Santa Barbara City College provides a local window into the same dysfunction. In 2021, the college received a record $20 million unrestricted gift from MacKenzie Scott—the largest in its 112-year history. Internal reviews later revealed that roughly $10–10.5 million of that gift was quietly redirected to backfill the SBCC Promise program, despite repeated assurances that other funds were covering it. The spending lacked proper board or administrative approvals. As of early 2026, about $13 million remains.
Voters approved Measure P in 2024 to extend an existing tax rate and unlock up to $198 million for facilities. The campaign framed it as essential repairs and modernization without raising rates. In practice, the extension adds hundreds of millions more to the long-term property tax burden on Santa Barbara residents. Enrollment trends had been sliding for years. Maintenance budgets were cut sharply in prior periods, helping create the very backlog later used to justify the bond.
Priorities included a costly new physical education building while core upkeep lagged. The SBCC Foundation, still addressing the Scott gift accounting issues, contributed heavily to the pro-Measure P campaign alongside construction interests positioned to benefit.
Why cut maintenance for years, then manufacture a facilities crisis and demand more taxpayer and philanthropic dollars? How many accounting irregularities, priority reversals, ghost enrollments, and ideological side projects must pile up before institutions face shrinking budgets instead of automatic rescues?

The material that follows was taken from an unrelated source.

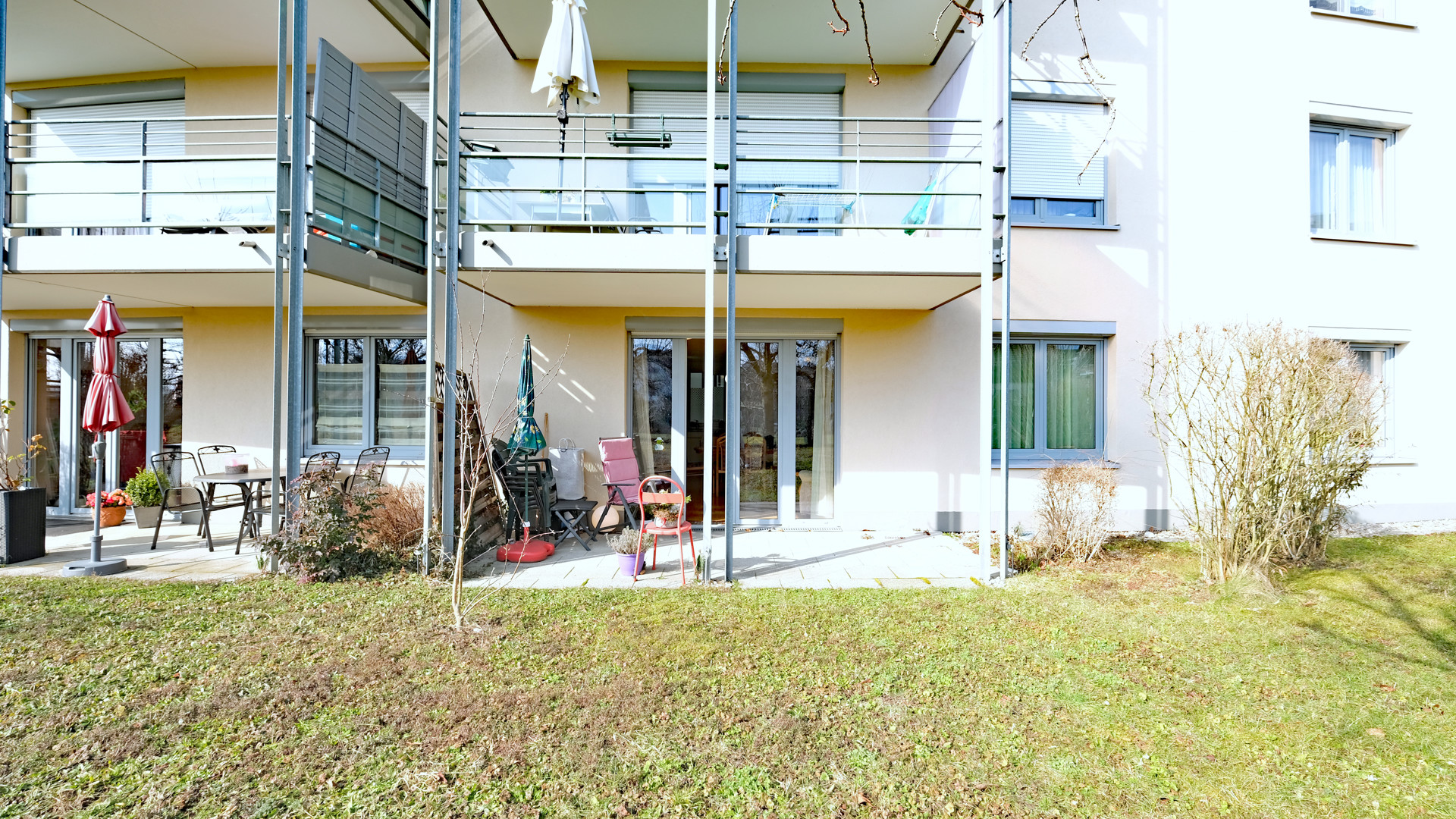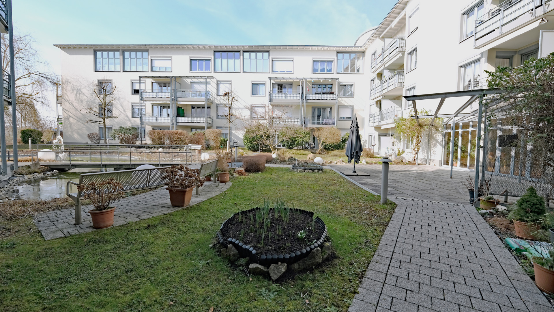 Ein besonderes Highlight dieser Wohnung ist die großzügige Terrasse, die direkten Zugang zum Garten bietet. Zudem befindet sich zwischen den Gebäuden eine großzügig angelegte Gartenanlage mit großem Karpfenteich, Außenterrasse und Ruhebänken für gesellige Stunden.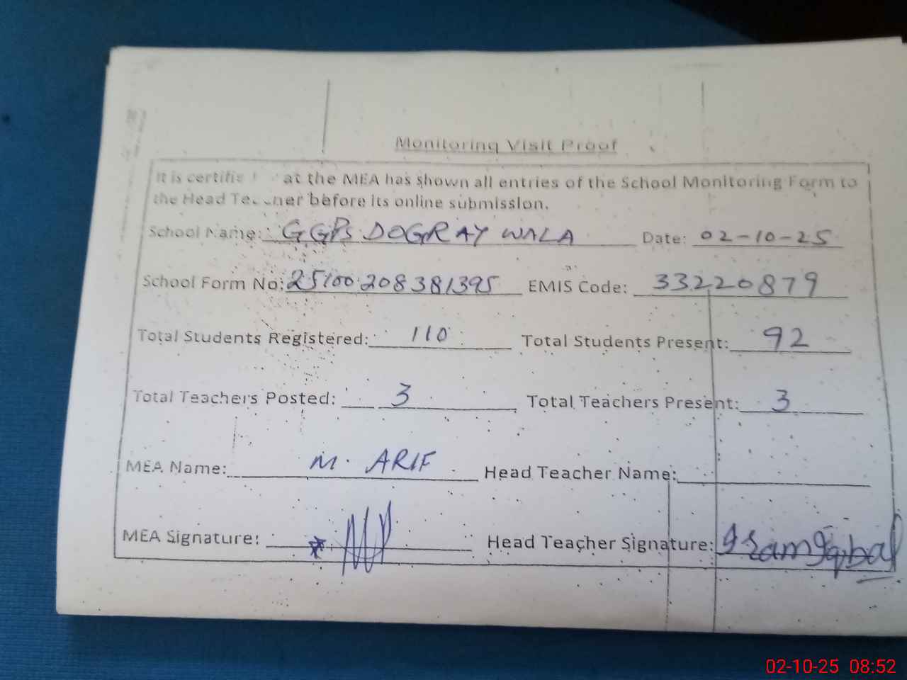 | Attendance Register | Head Teacher | MEA with School | Visit Proof |

If high taxes, state appropriations, and major gifts from donors like MacKenzie Scott have not produced proportional gains in student success or institutional health, why assume the next round will succeed where previous ones fell short?

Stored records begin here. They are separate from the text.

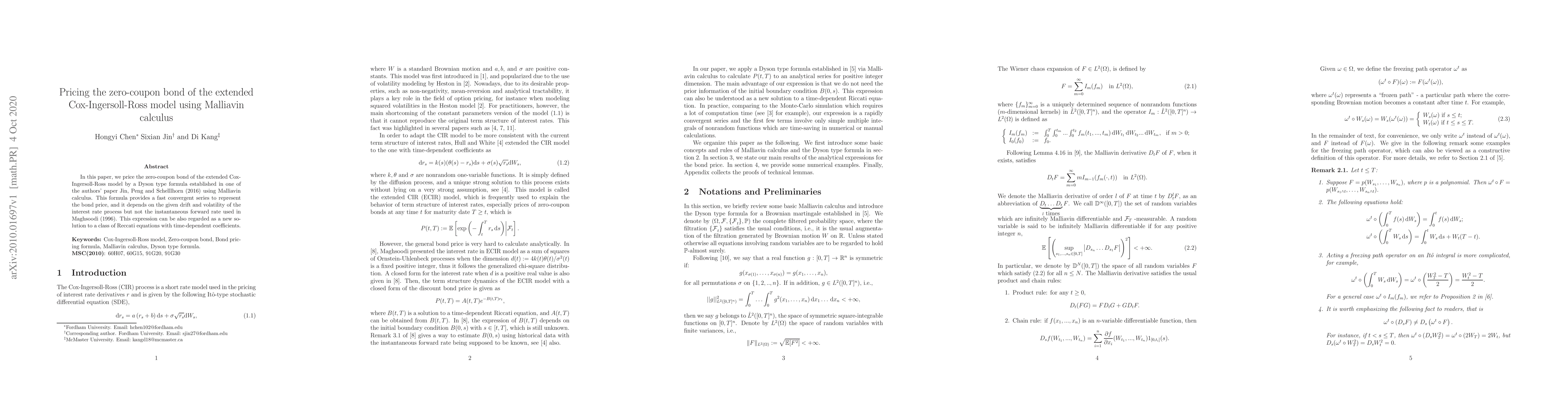 This paper employs Malliavin calculus to price the zero-coupon bond of the extended Cox-Ingersoll-Ross model using a Dyson type formula, offering a fast convergent series representation that depends on the interest rate's drift and volatility, not the instantaneous forward rate.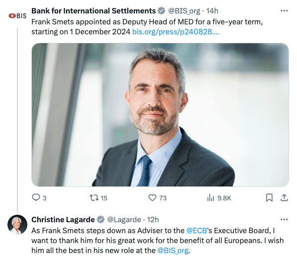 Three weeks off for Christine, well deserved too. Her first act of the Autumn season was to lament the departure of Mr Frank Smets. A man none of us has ever heard of. Frank, it turns out, was an economic adviser to the ECB Board.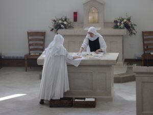 A dedication is particularly significant for a monastic community, as the Oratory forms the heart of the monastery where they gather seven times a day to pray the Divine Office, daily to celebrate the Sacrifice of the Mass, and throughout the day to seek Our Lord’s Eucharistic Presence. The rite also recalls each nun’s consecration to God when she became a bride of Christ, enfleshing the bridal identity of the entire Church, a living temple of God’s presence in the world.  It also a place of vigil, waiting for the complete fulfillment of all our hope, trusting that He who began the work of building this place will fulfill it further in the New Jerusalem.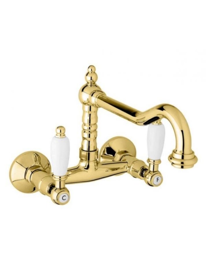 Смеситель Cezares FIRST-LLP-03/24-Bi для кухни, золото 24 карат, ручки белые

Time to Fix the Broken Model
Florida demonstrates that a different approach works: smaller, disciplined budgets; full reserves; no income tax; property tax relief; and population growth driven by results rather than rhetoric. Education gains without matching levels of documented fraud and waste. The contrast reveals the ROI gap. Blue state ideology and spending often prioritize equity checkboxes and bureaucratic expansion while Florida emphasizes safety, core academics, and fiscal restraint that actually delivers measurable improvements.
Santa Barbara and California residents pay the price in higher costs, visible failures, and repeated cycles of shortfall claims followed by bigger asks. The broader model is broken. Real accountability would tie every dollar—whether from taxpayers or philanthropists—to clear, measurable improvements, with real consequences for failure. Institutions and states that neglect basics or tolerate large-scale fraud should receive less support, not more. Targeted, transparent fundraising and results-driven governance would reveal genuine priorities far better than blank-check bonds or unrestricted gifts that quietly backfill operations.
How much longer will taxpayers and donors fund systems that excel at consumption but struggle at delivery? Florida offers concrete proof that restraint and focus produce better outcomes. The evidence sits in the budgets, the fraud losses, the enrollment trends, and the results on the ground. Leadership willing to break the blue-state pattern, rather than repeat it, would serve students and citizens far better.